Yes. Swipe the turn or use the context menu to regenerate. The new audio saves as a variant — your previous take is not overwritten.

What are variants?

Multiple takes per turn. When you regenerate, the new take is added alongside the existing ones. Play each, pick the best, delete the rest.

How do I control pauses between lines?

Two levels: a project-wide default pause set in post-production, and per-turn custom pauses set with the Adjust Pauses toggle and individual sliders (0–10 seconds). Custom pauses override the default for that turn.

What format is the exported audio?

M4A (AAC). Normalized to your chosen export preset's LUFS target.

Shows & series

What is a show / production?

A container for a series of related episodes. It stores a persistent cast bible with character profiles and voice assignments, a default format and tone, audio identity (intro / outro music), and an episode template. New episodes inherit all of it.

Do I have to use shows?

No. Shows are entirely optional. Standalone projects work exactly as they did before. You can promote any project to a series later by long-pressing it and choosing "Create Show from This."

Can I reuse cast members across different shows?
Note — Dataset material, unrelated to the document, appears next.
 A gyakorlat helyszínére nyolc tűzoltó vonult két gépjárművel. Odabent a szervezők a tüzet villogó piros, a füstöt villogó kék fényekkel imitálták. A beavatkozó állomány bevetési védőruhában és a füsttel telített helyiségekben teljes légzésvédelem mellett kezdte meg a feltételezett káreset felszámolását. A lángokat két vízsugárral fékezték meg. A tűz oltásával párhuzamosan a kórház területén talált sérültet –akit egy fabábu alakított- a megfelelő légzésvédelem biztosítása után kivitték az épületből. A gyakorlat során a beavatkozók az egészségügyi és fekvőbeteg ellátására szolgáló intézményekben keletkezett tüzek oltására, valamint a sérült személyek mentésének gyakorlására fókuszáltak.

Cast members are stored per production. To use the same character in a different show, add them again in that show's cast bible. Voice assignments (ElevenLabs voice IDs) are portable since they reference the same voice catalog.

AI script writing

Which AI services does flexVox support for script writing?

OpenAI (GPT-4o) and Anthropic (Claude). Set up your API key in Settings under AI Script Writing. Switch between providers at any time.
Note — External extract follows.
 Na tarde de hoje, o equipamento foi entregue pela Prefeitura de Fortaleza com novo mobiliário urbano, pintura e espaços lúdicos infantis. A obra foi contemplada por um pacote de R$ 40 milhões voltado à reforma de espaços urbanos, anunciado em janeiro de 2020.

Can I use my own AI tool instead?

Yes. The AI Prompt Sheet has Copy to Clipboard. Paste it into ChatGPT, Claude, or any other tool, then paste the generated script back into flexVox.

How much does AI script generation cost?

The app shows an estimated cost before generation based on your prompt length and selected provider. Costs depend on your provider's pricing. flexVox itself charges nothing for this feature — you pay your AI provider directly.

Privacy & security

How is my API key stored?

In the iOS Keychain — the same secure storage the operating system uses for passwords. It is never written to a plain file or sent anywhere other than the ElevenLabs API.

Does flexVox collect any data?

No analytics frameworks, tracking SDKs, or server-side data collection. Your scripts, audio files, and projects stay on your device. The only network calls are to ElevenLabs (audio) and your AI provider of choice (script writing).